The Secret Show group currently has an exhibit of work by art students at MTSU and Sewanee. It’s a great idea, since these guys are so close but people in
I didn’t get a great look at the show, and I hope I’ll get a chance to go by again before they take it down. The work that stuck out the most for me was by Jacqueline Meeks, who I think is at MTSU. One piece was four dead feeder mice, hung by their tales from pins in the wall. Each had been frozen in water, I’m pretty sure just in an ice cube tray. Each mouse wore a block of ice that was slowly melting. Seeing them impaled on the wall was just a bit gruesome, but definitely worked in poetic ways. The feeder mice are sacrifice animals, sold as a pet supplies for things like snakes that need live food, or in lab experiments. They seemed to be carrying the ice as a burden, and being slowly relieved of that burden in a streak of water down the gallery's drywall.
Her other piece was a video showing a man seated, no shirt, facing away from the camera. His back was marked with a grid, and a fully dressed woman worked her way across his back, planting a hickey in each square. She converted an act of passion, or at least of teenage making out, into a technical exercise. Still, there was some tenderness in the way she approached him, put her hands on him gently to steady herself while she loudly sucked on his skin. And the tenderness was balanced by the inherent violence of a hickey, possibly the most common form of sado-masochistic practice. In addition to setting up these tensions, this is one of those pieces that establishes art historical references in a sly and simple way. The grid line is of course the painter’s grid from the Renaissance, used for the same purposes, to position the artist’s marks. It’s just she’s making marks with her mouth and teeth (or those of a stand-in).

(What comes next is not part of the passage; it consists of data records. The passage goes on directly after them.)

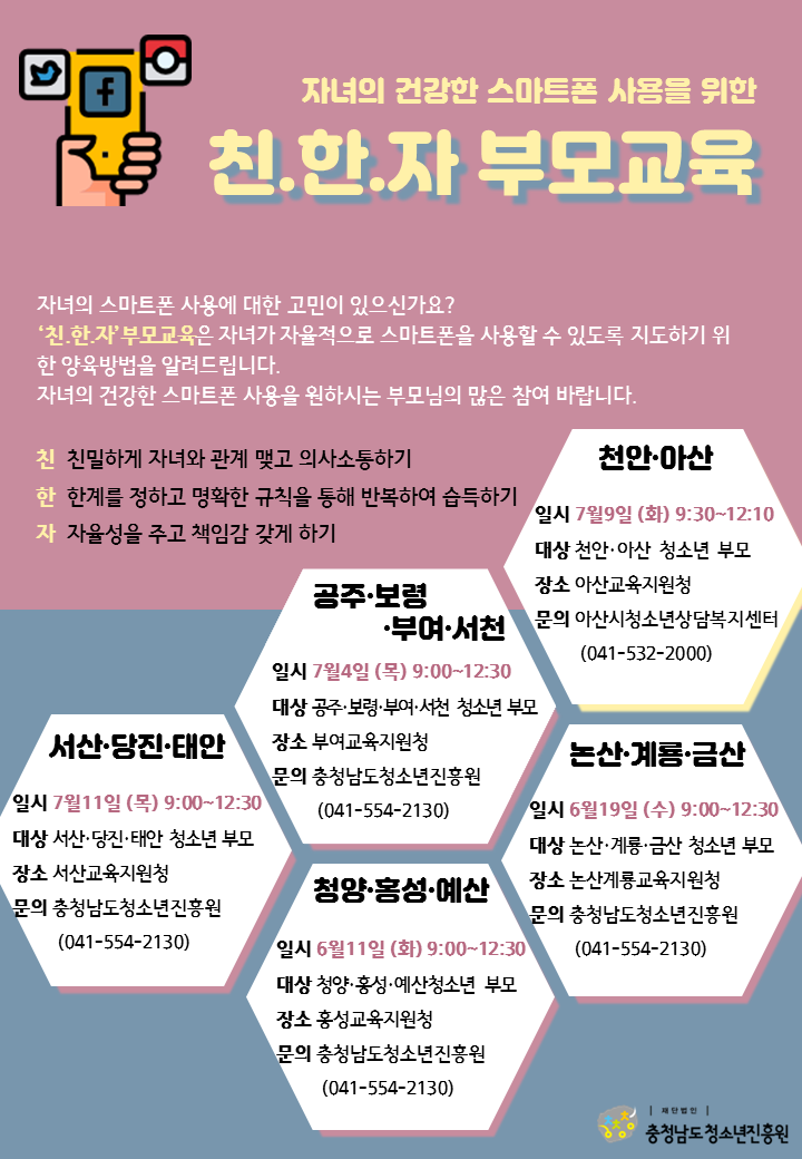2019년 자녀의 건강한 스마트폰 사용을 위한 '친.한.자 부모교육' 안내
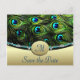Peacock Save the Date Wedding Cards are schemed in gorgeous shades of greens, blues, aqua and gold. Each card is elegantly decorated with silver jewels with diamond accents. The front features a monogram, that you can customize to the groom-to-be's last initial. The front bottom area is shaded in gold with cursive, fancy lettering. The back features the same gold coloring with jewels, diamond accents and one solitaire larger diamond. Click on the orange customize button below the demo card or use the personalize feature to the right to quickly customize the details to your wedding information. If you love this design, view matching wedding invitations, RSVP cards and more below:
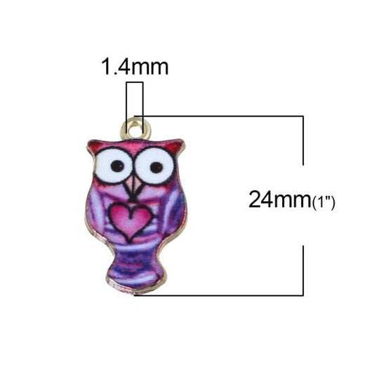 Owl charm, purple enamel with pink heart, bird with heart , pendant and bracelet charm
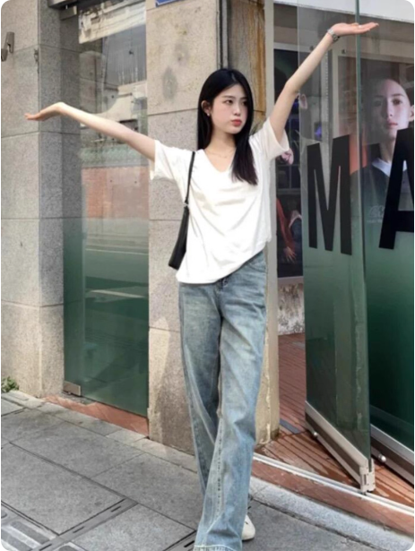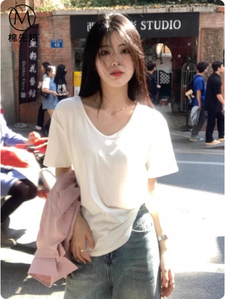 白色v领短袖正肩t恤女夏2025新款松弛感宽松韩版慵懒风高级感上衣
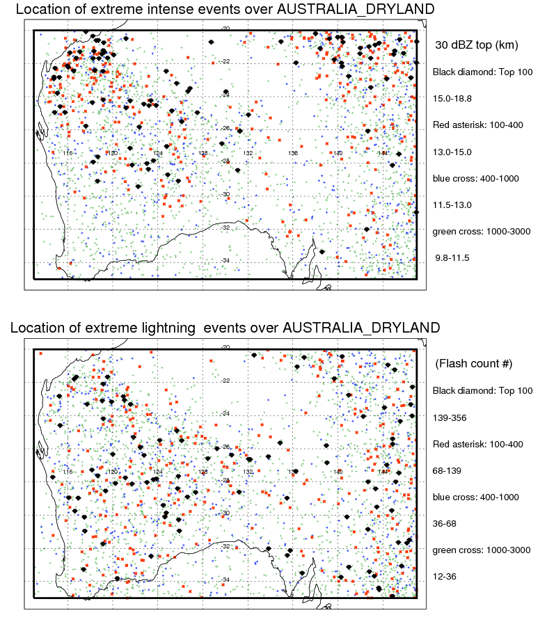 Following figure shows the location of the precipitation feautres categorized by the lightning rate and 30 dBZ echo top.

Bob Durham also pointed out a similarity to photos by Joel-Peter Witkin, and I think I know the ones he’s talking about, looking at sitter from the back. And it’s a good allusion all around, emphasizing the presence of disfiguration and deviant sexual practice. Of course the cleverness of Meeks’ piece is that the “deviant” erotic practice here couldn’t be any more common. Makes a similar point, just from another direction.
I spent too much time at the opening jawing and didn’t get a great look at everything. Hopefully they’ll have some open hours for the gallery and I’ll get over there at the right time (always a challenge for me).